Arch-foes Israel and Iran have long fought an undeclared shadow war across the Middle East, landing blows in Lebanon, Syria and inside the Islamic republic itself.

More recently, the battle has moved to the high seas, with a series of mysterious attacks and sabotage incidents mainly in the Red and Arabian Seas.

Analysts now fear the tit-for-tat attacks could escalate, warning that the protagonists are "playing with fire".

Israel has vowed to stop Iran, whose leaders have threatened to "wipe it off the map", from acquiring a nuclear bomb -- a goal Tehran denies pursuing.

The Islamic republic meanwhile has provided arms, training and money to allied militias in a regional "axis of resistance" against the Jewish state and its ally the United States.

In the latest attack Iran blamed on Israel, a blast hit Iran's enrichment facility in Natanz Sunday, complicating diplomatic efforts to salvage a tattered 2015 deal on Tehran's nuclear programme.

Then on Tuesday, Israeli-operated ship the Hyperion Ray was attacked near the Emirati port of Fujairah, the latest in a string of off-shore attacks.

Israel has often fought Tehran's allies, including Lebanon's Hezbollah, Hamas in the Palestinian enclave of Gaza, and pro-Iran fighters in Syria.

The Jewish state has also launched cyberattacks and spy missions, such as a 2018 Mossad operation that netted a treasure trove of Iranian nuclear documents from a Tehran warehouse.

Israel's Prime Minister Benjamin Netanyahu in recent years relished having a White House ally in Donald Trump, who waged a hardline "maximum pressure" campaign against Iran.

Trump in 2018 ripped up the 2015 agreement that had granted Iran sanctions relief in return for limits on its nuclear activities, a deal Israel always rejected as inadequate.

Under Trump, the US also killed revered Iranian General Qasem Soleimani in a Baghdad drone strike early last year, a move that brought Tehran and Washington to the brink of war.

Israel was then blamed for the assassination in Tehran last November of Iran's top nuclear physicist Mohsen Fakhrizadeh, the latest Iranian atomic scientist to meet a violent death.

But the dynamic has shifted since US President Joe Biden took power and started efforts to revive the nuclear deal, while taking a cooler stance towards Netanyahu.

Israel-operated cargo ship the MV Helios Ray was hit by explosions at sea on February 25 which blast in the Gulf of Oman left two holes in its side
File picture of Israel-operated cargo ship the MV Helios Ray that was hit by explosions at sea on February 25. AFP / Giuseppe CACACE

Sima Shine of Israel's Institute for National Security Studies said it was debatable when the shadow war started.

But she described a chain of events relating "to the nuclear sphere and ... the attempt of Iran to establish itself in Syria, and the attempt of Israel to stop it."

"In the last couple of weeks we also saw the maritime war come out publicly, after it was secret for two years, between Iran and Israel," she said.

Iran first hinted at attacks on its tankers in the Red Sea in 2019, as Israel sought to curb its alleged arms transfers and oil shipments to allies.

Then February 25, an Israeli cargo ship, the MV Helios Ray, was hit at sea.

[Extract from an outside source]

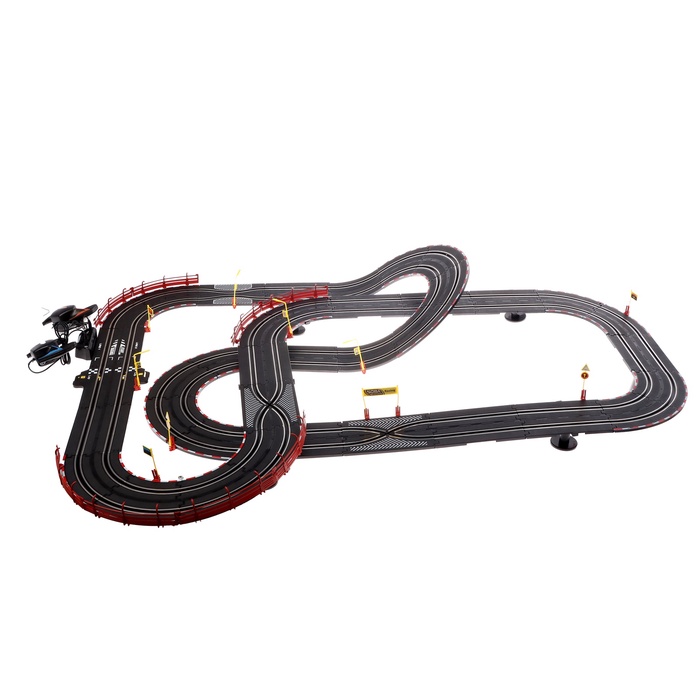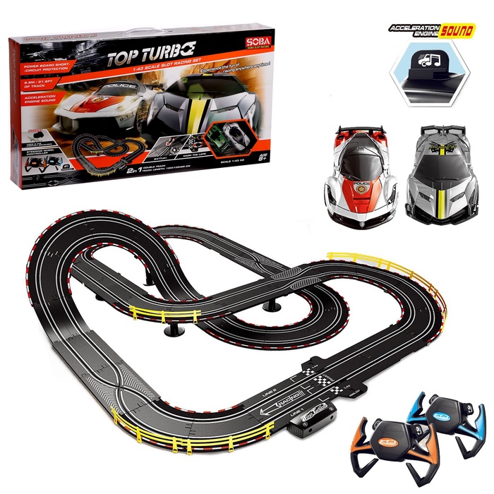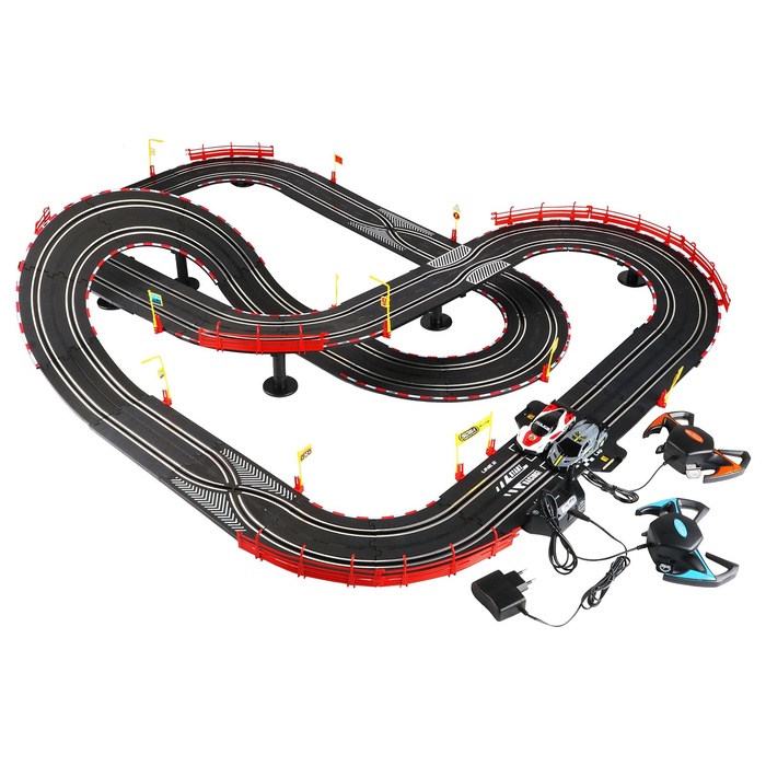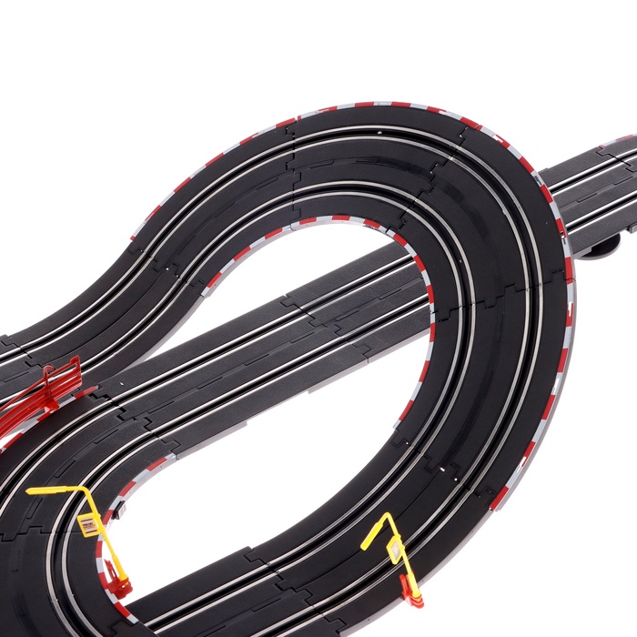 - В комплекте две машинки, обе с самоходным механизмом. Управляются с помощью контроллеров, которые подключаются напрямую к автотреку.

Attacks have since multiplied, often involving mines attached above the water line, where they disable rather than sink ships.

The Iranian ship Shahr-e-Kord was hit near Syria, followed by the Israeli container ship Lori in the Arabian Sea, and the Iranian cargo ship Saviz in the Red Sea.

"Thus far, the maritime conflict between Iran and Israel has remained at a low-intensity, grey-zone level, below the threshold of declared hostilities," wrote researcher Farzin Nadimi of the Washington Institute for Near East Policy.

He said it appeared both sides are "seeking to avoid escalation that might disrupt their respective shipping lanes and economies".

But, he added, "both countries have substantial special naval warfare capabilities and experience, so neither is likely to settle for anything less than maritime superiority."

Nadimi warned that the pace of attacks could "accelerate further, while also expanding to a larger geographical area" and using new means such as submarines, longer-range drones and fast-attack vessels.

While "both sides have sought to keep their tit-for-tat maritime attacks under control," he said, "they pose a substantial risk of miscalculation and escalation that could jeopardise international shipping."

Menahem Merhavy, an Iran specialist at the Hebrew University of Jerusalem, agreed that neither side wants escalation.

But, he warned, "things can get out of hand. Both Israelis and Iranians are aware of the possibility of that and they are trying to avoid it."

He said Iran's hand is weakened by sanctions and the Covid pandemic, but also by the desire to "come as clean as possible to the table" of new diplomatic efforts over its nuclear activities.

"On Israeli side," he said, "the greatest risk is actually its relation with the US."

With a shadow war on the high seas and operations such as the alleged Natanz attack, he said, "we are playing with fire here."